START Given records
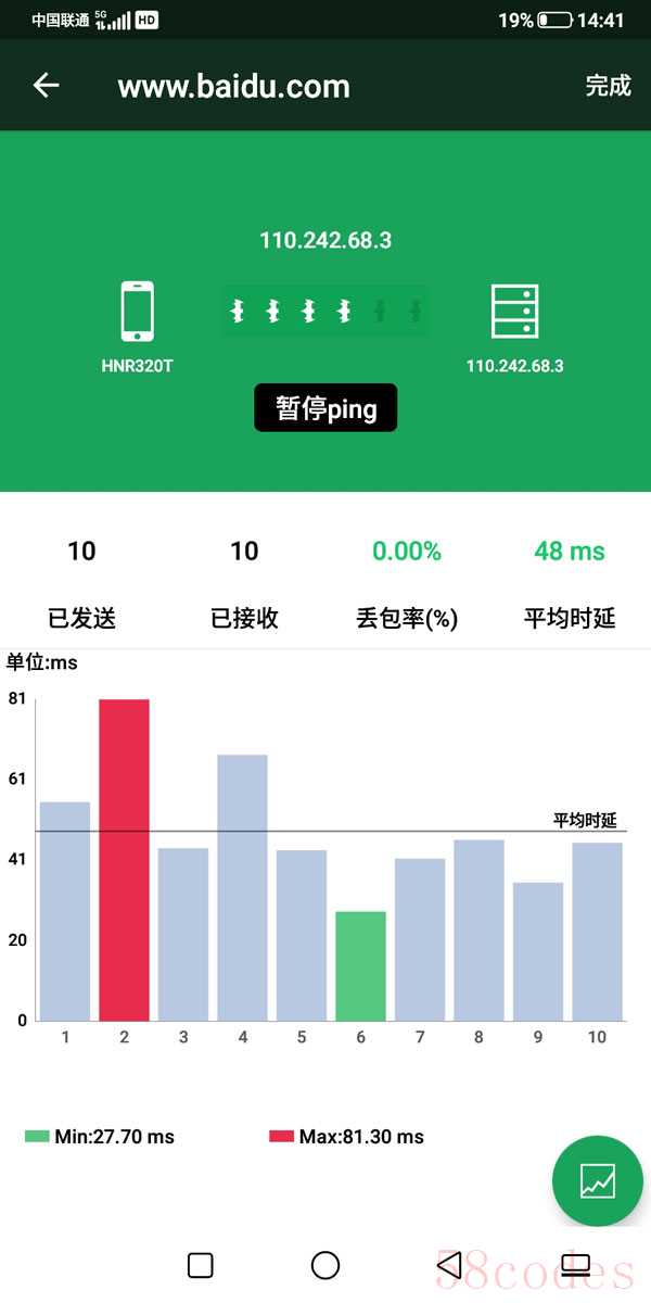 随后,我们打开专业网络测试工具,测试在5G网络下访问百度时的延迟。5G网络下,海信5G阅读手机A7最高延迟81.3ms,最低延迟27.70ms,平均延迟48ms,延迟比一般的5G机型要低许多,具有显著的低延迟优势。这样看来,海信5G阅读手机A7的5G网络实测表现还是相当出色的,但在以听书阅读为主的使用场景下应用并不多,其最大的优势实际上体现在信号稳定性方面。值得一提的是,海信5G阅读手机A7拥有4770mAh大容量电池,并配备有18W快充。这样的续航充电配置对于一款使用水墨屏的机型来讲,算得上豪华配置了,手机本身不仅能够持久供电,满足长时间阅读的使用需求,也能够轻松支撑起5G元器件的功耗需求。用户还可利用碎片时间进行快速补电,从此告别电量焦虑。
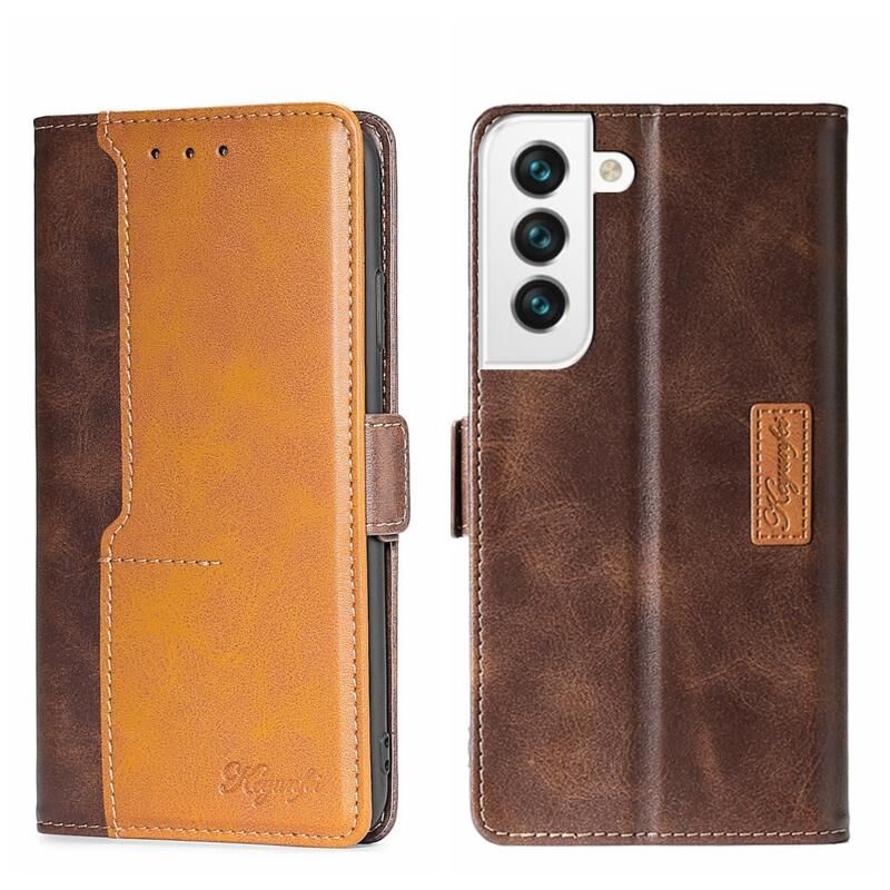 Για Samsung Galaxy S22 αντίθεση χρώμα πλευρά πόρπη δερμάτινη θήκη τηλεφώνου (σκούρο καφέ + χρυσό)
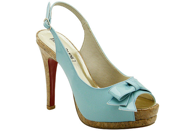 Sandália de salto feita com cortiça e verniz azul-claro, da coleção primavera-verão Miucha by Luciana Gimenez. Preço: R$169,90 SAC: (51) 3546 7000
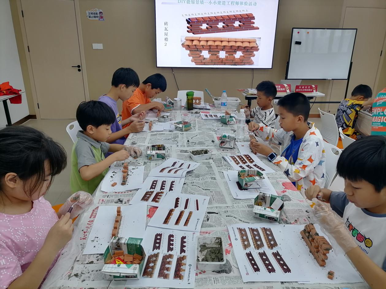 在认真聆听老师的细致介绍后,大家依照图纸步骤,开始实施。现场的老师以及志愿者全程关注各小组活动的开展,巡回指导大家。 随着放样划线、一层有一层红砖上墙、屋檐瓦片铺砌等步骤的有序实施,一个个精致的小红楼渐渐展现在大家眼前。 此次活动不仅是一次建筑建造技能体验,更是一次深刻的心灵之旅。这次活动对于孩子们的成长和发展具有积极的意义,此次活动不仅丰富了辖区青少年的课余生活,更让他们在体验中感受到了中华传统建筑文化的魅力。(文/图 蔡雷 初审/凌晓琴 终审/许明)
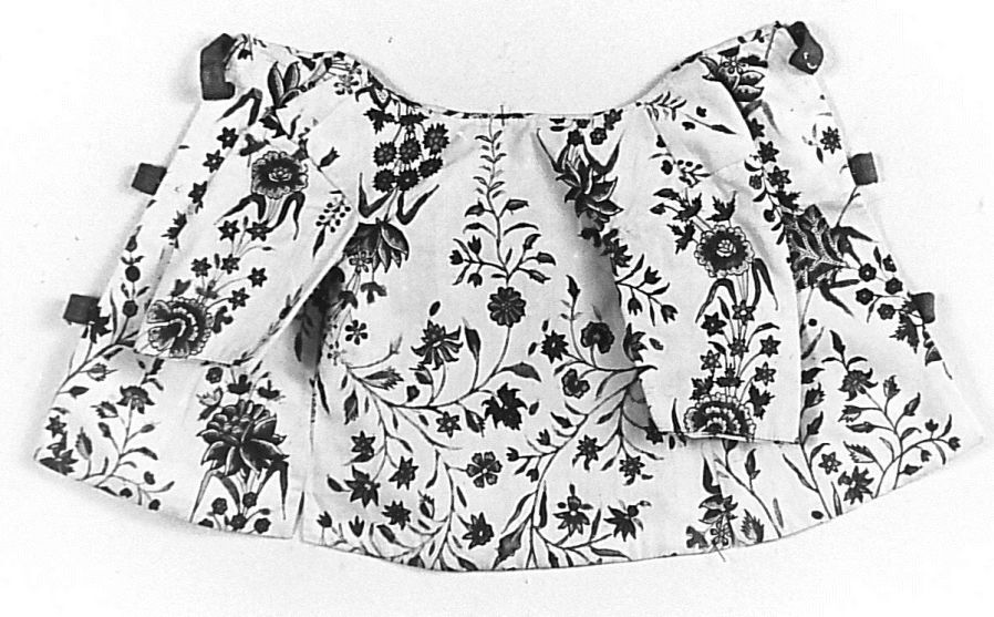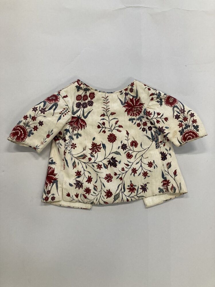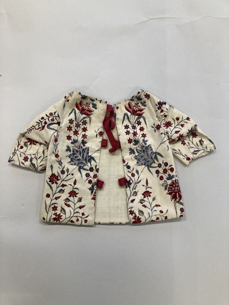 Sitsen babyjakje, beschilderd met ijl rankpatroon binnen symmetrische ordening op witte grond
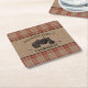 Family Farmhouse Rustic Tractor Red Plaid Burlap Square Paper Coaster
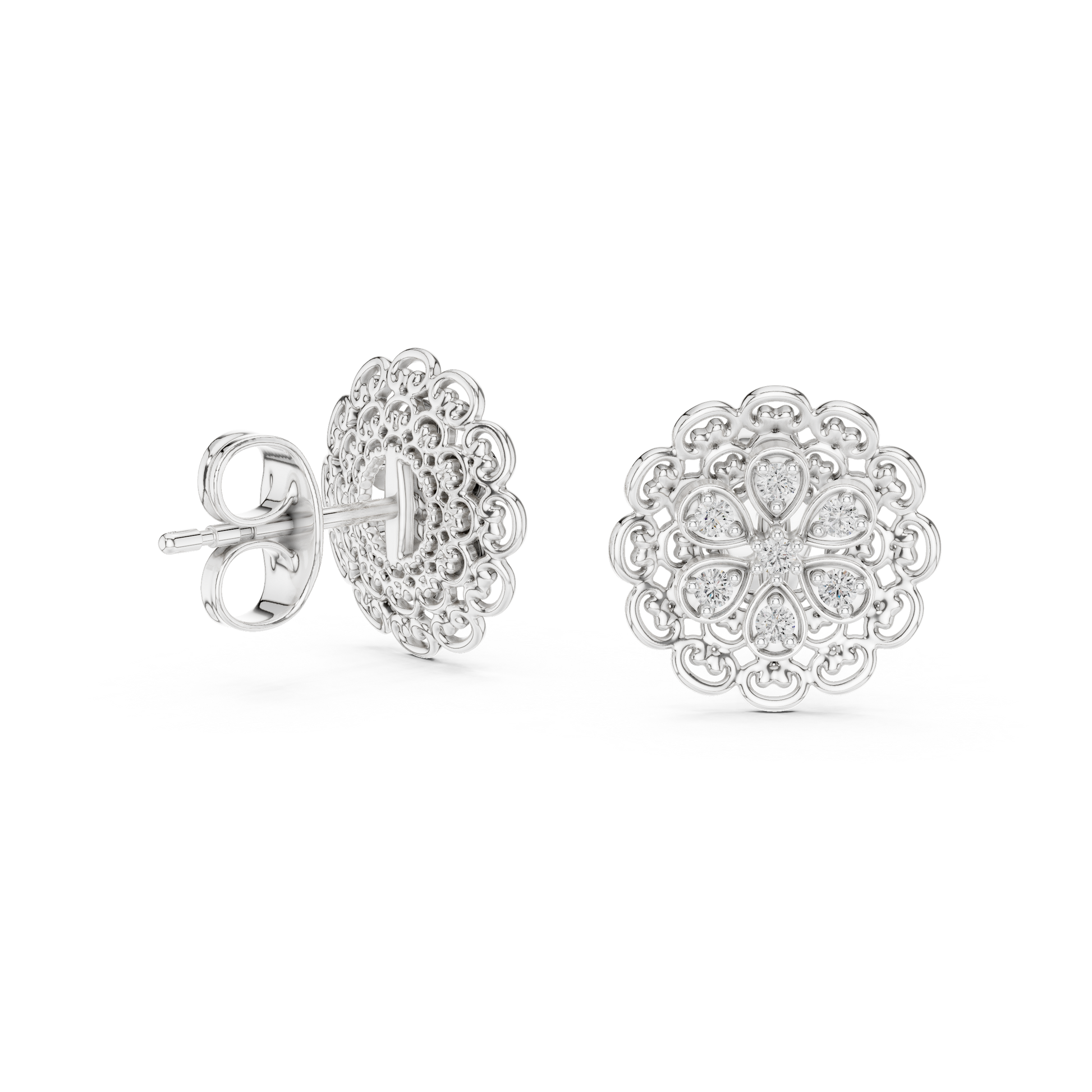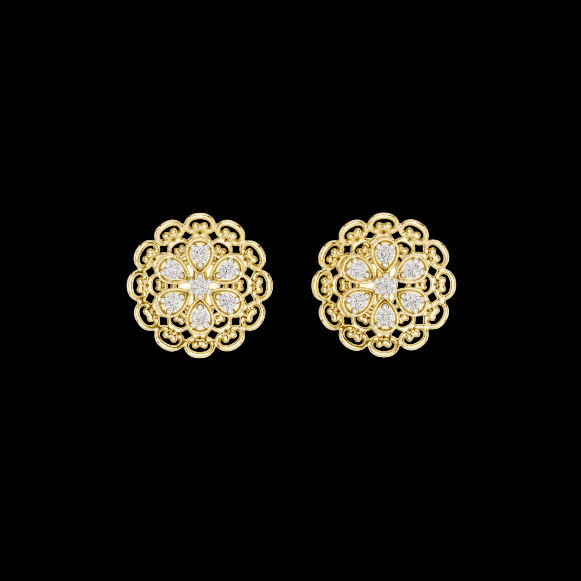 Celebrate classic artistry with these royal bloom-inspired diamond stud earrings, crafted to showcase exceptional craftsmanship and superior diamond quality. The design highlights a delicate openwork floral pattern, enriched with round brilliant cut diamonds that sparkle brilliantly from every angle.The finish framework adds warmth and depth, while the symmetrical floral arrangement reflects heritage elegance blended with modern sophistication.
END Given records
Pictures stay out; output the lines from the top of the listing above through the line containing "Sandália de salto", exactly as they stand.

 随后,我们打开专业网络测试工具,测试在5G网络下访问百度时的延迟。5G网络下,海信5G阅读手机A7最高延迟81.3ms,最低延迟27.70ms,平均延迟48ms,延迟比一般的5G机型要低许多,具有显著的低延迟优势。这样看来,海信5G阅读手机A7的5G网络实测表现还是相当出色的,但在以听书阅读为主的使用场景下应用并不多,其最大的优势实际上体现在信号稳定性方面。值得一提的是,海信5G阅读手机A7拥有4770mAh大容量电池,并配备有18W快充。这样的续航充电配置对于一款使用水墨屏的机型来讲,算得上豪华配置了,手机本身不仅能够持久供电,满足长时间阅读的使用需求,也能够轻松支撑起5G元器件的功耗需求。用户还可利用碎片时间进行快速补电,从此告别电量焦虑。
 Για Samsung Galaxy S22 αντίθεση χρώμα πλευρά πόρπη δερμάτινη θήκη τηλεφώνου (σκούρο καφέ + χρυσό)
 Sandália de salto feita com cortiça e verniz azul-claro, da coleção primavera-verão Miucha by Luciana Gimenez. Preço: R$169,90 SAC: (51) 3546 7000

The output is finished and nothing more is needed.